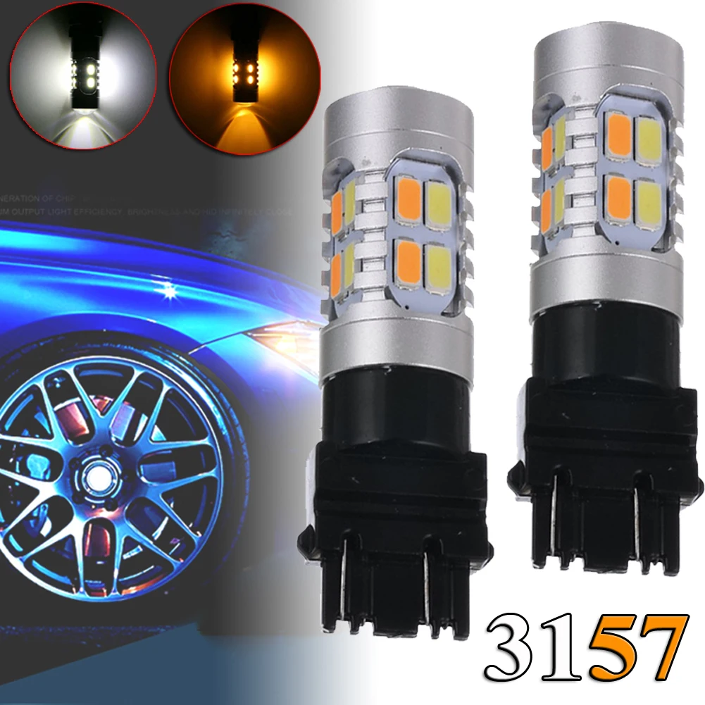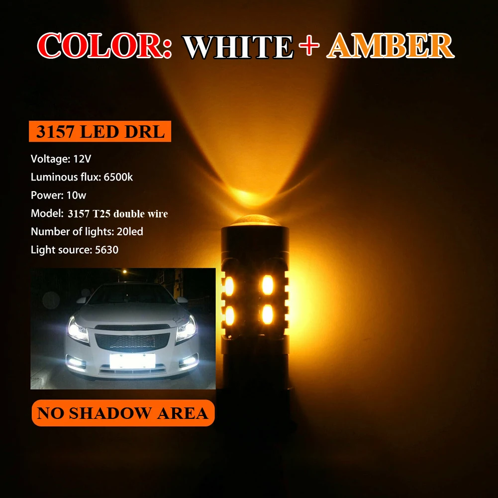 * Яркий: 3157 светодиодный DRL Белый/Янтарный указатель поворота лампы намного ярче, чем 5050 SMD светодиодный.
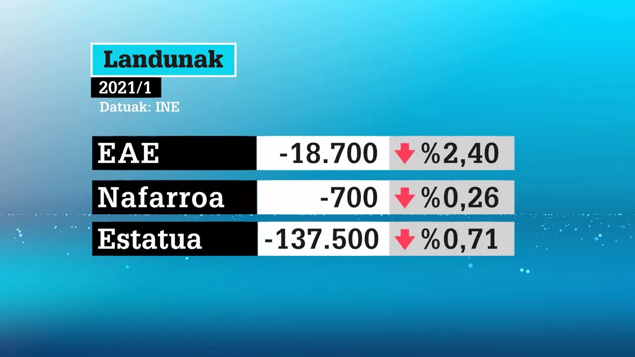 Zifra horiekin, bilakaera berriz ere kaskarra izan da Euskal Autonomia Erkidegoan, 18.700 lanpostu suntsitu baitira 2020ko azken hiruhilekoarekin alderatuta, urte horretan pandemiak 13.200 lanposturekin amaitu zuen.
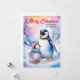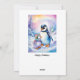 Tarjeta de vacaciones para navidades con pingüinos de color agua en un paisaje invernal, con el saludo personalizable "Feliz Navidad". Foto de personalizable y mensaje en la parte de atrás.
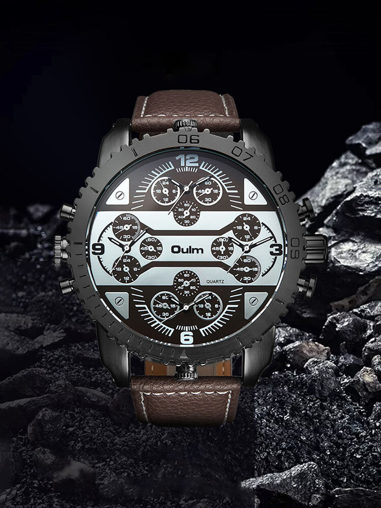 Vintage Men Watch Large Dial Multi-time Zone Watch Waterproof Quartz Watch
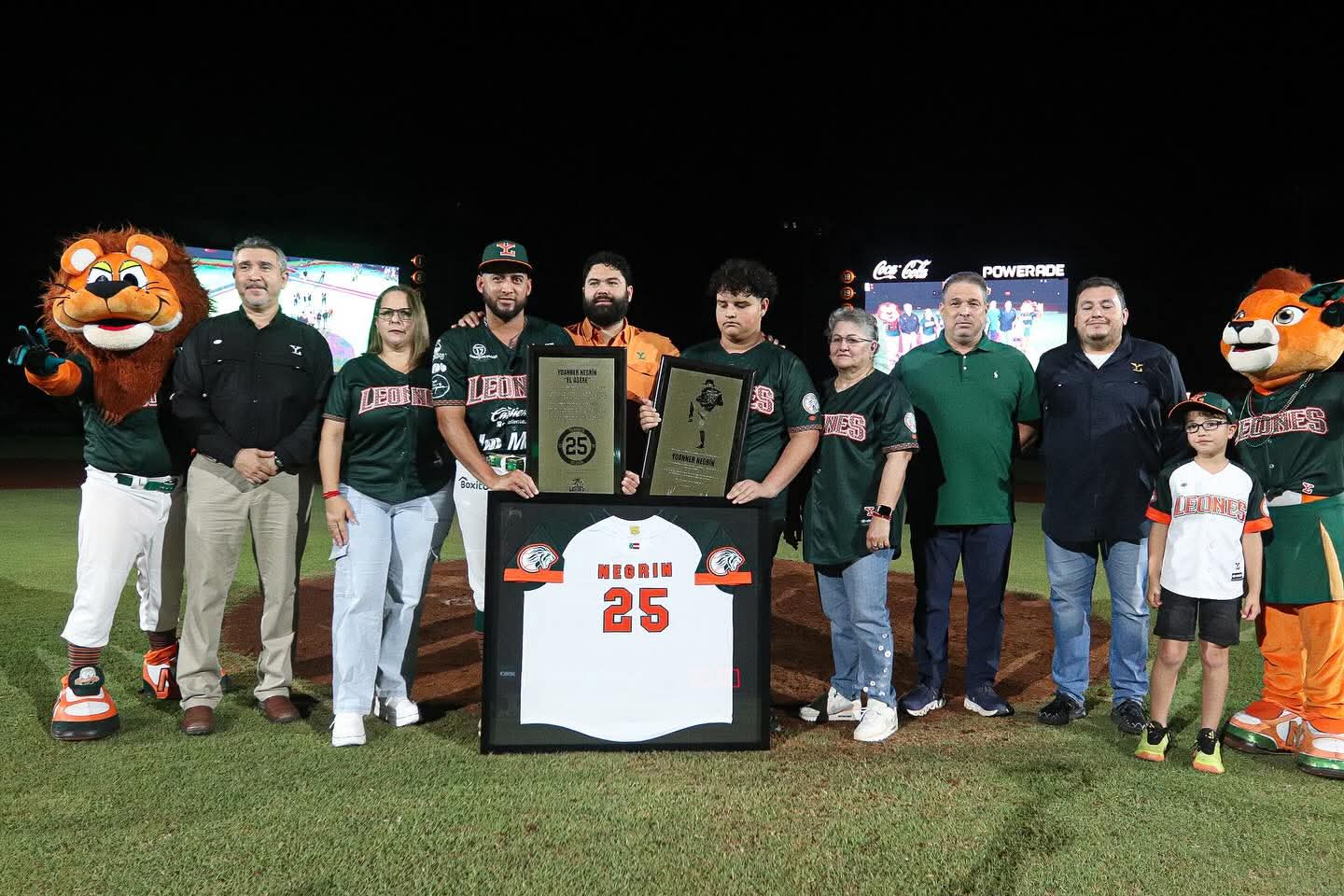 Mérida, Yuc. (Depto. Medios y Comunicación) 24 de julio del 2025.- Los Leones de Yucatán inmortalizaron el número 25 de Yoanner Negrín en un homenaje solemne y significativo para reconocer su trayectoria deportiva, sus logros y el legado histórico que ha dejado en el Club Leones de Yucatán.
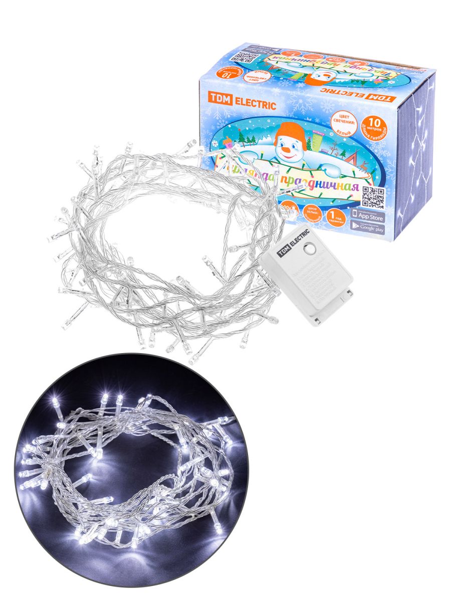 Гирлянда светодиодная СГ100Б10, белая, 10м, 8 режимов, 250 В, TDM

TASK DIRECTIONS → In transcribing the records, omit the pictures and keep everything else exactly as it appears.

SOLUTION FOR THIS EXERCISE →
 * Яркий: 3157 светодиодный DRL Белый/Янтарный указатель поворота лампы намного ярче, чем 5050 SMD светодиодный.
 Zifra horiekin, bilakaera berriz ere kaskarra izan da Euskal Autonomia Erkidegoan, 18.700 lanpostu suntsitu baitira 2020ko azken hiruhilekoarekin alderatuta, urte horretan pandemiak 13.200 lanposturekin amaitu zuen.
 Tarjeta de vacaciones para navidades con pingüinos de color agua en un paisaje invernal, con el saludo personalizable "Feliz Navidad". Foto de personalizable y mensaje en la parte de atrás.
 Vintage Men Watch Large Dial Multi-time Zone Watch Waterproof Quartz Watch
 Mérida, Yuc. (Depto. Medios y Comunicación) 24 de julio del 2025.- Los Leones de Yucatán inmortalizaron el número 25 de Yoanner Negrín en un homenaje solemne y significativo para reconocer su trayectoria deportiva, sus logros y el legado histórico que ha dejado en el Club Leones de Yucatán.
 Гирлянда светодиодная СГ100Б10, белая, 10м, 8 режимов, 250 В, TDM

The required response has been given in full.